WHAT YOU WILL DO – The lines from the one containing "ในชื่อเฟซบุ๊ก Sombut Bubtee" through the last line below, both ends included, must be reproduced exactly, with no pictures.

COLLECTED DATA –
——————
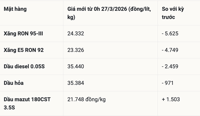 Tính đến thời điểm 05h00 sáng 28/3/2026, giá xăng dầu trong nước vẫn giữ nguyên mức điều chỉnh áp dụng từ 0h00 ngày 27/3. Tại kỳ điều hành này, liên Bộ Công Thương – Tài chính quyết định điều chỉnh giảm mạnh giá bán lẻ xăng dầu. Đây là mức giảm sâu hiếm thấy, thể hiện tác động trực tiếp từ chính sách điều hành mới của Chính phủ.
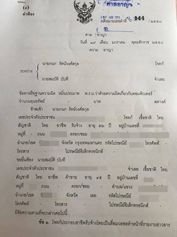 วันนี้ทนายผมยื่นฟ้องนาย "สมบัติ บับที" ในชื่อเฟซบุ๊ก Sombut Bubtee ข้อหาหมิ่นประมาท และผิด พ.ร.บ.คอมพิวเตอร์ เนื่องจากนายคนนี้ โพสต์ข้อความด่าผมมานานหลายเดือน ช่วงที่แม่ผมไม่สบาย แม่ผมเสีย มันก็ยังไม่หยุด ผมส่งข้อความทาง in box ชี้แจงว่าผมไม่ได้คุยลามกกับเมียคนอื่นทาง Line มันก็เอาข้อความผมมาโพสต์ และสรุปว่า "ผมเป็นโรคจิต บ้ากาม" และโพสต์ต่อเนื่องอีกหลายเรื่อง เช่น จัดงานใหญ่เพื่อฟอกตัวเอง (งาน Talkshow แล้วอาจารย์ยิ่งศักดิ์ถามเกี่ยวกับผู้หญิงที่ตัดต่อภาพลามก) จนถึงกล่าวหา แฟนรายการที่ติดตามข่าวของผมว่า ดูถูกตัวเอง ขาดวิจารณญาณ "เอาศักดิ์ศรีความเป็นคนไปเก็บไว้ไหน" ซึ่งเป็นการโพสต์กล่าวหาคนดูที่รุนแรงมาก
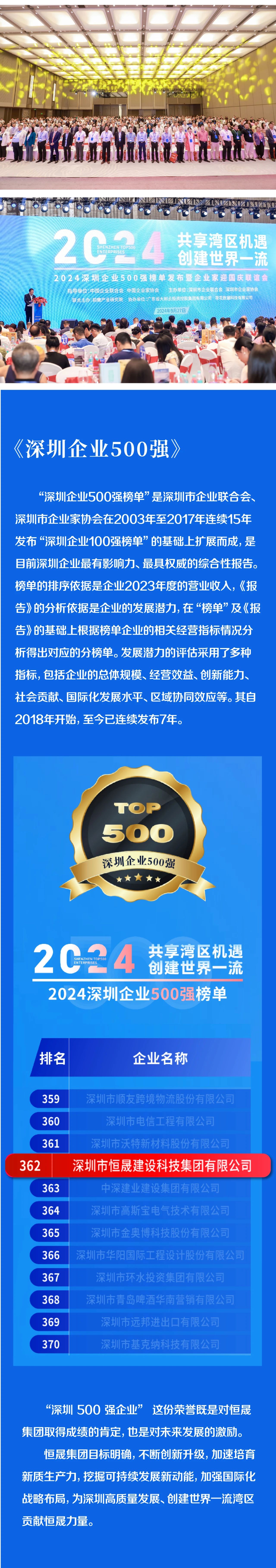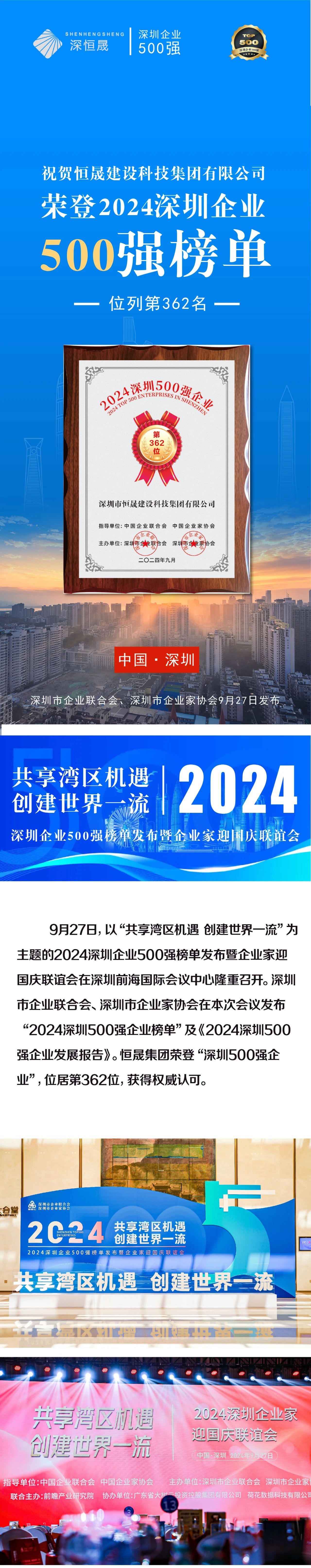 恒晟集團榮登“2024深圳企業(yè)500強榜單”
——————
ANSWER TO THIS EXERCISE –
 วันนี้ทนายผมยื่นฟ้องนาย "สมบัติ บับที" ในชื่อเฟซบุ๊ก Sombut Bubtee ข้อหาหมิ่นประมาท และผิด พ.ร.บ.คอมพิวเตอร์ เนื่องจากนายคนนี้ โพสต์ข้อความด่าผมมานานหลายเดือน ช่วงที่แม่ผมไม่สบาย แม่ผมเสีย มันก็ยังไม่หยุด ผมส่งข้อความทาง in box ชี้แจงว่าผมไม่ได้คุยลามกกับเมียคนอื่นทาง Line มันก็เอาข้อความผมมาโพสต์ และสรุปว่า "ผมเป็นโรคจิต บ้ากาม" และโพสต์ต่อเนื่องอีกหลายเรื่อง เช่น จัดงานใหญ่เพื่อฟอกตัวเอง (งาน Talkshow แล้วอาจารย์ยิ่งศักดิ์ถามเกี่ยวกับผู้หญิงที่ตัดต่อภาพลามก) จนถึงกล่าวหา แฟนรายการที่ติดตามข่าวของผมว่า ดูถูกตัวเอง ขาดวิจารณญาณ "เอาศักดิ์ศรีความเป็นคนไปเก็บไว้ไหน" ซึ่งเป็นการโพสต์กล่าวหาคนดูที่รุนแรงมาก
 恒晟集團榮登“2024深圳企業(yè)500強榜單”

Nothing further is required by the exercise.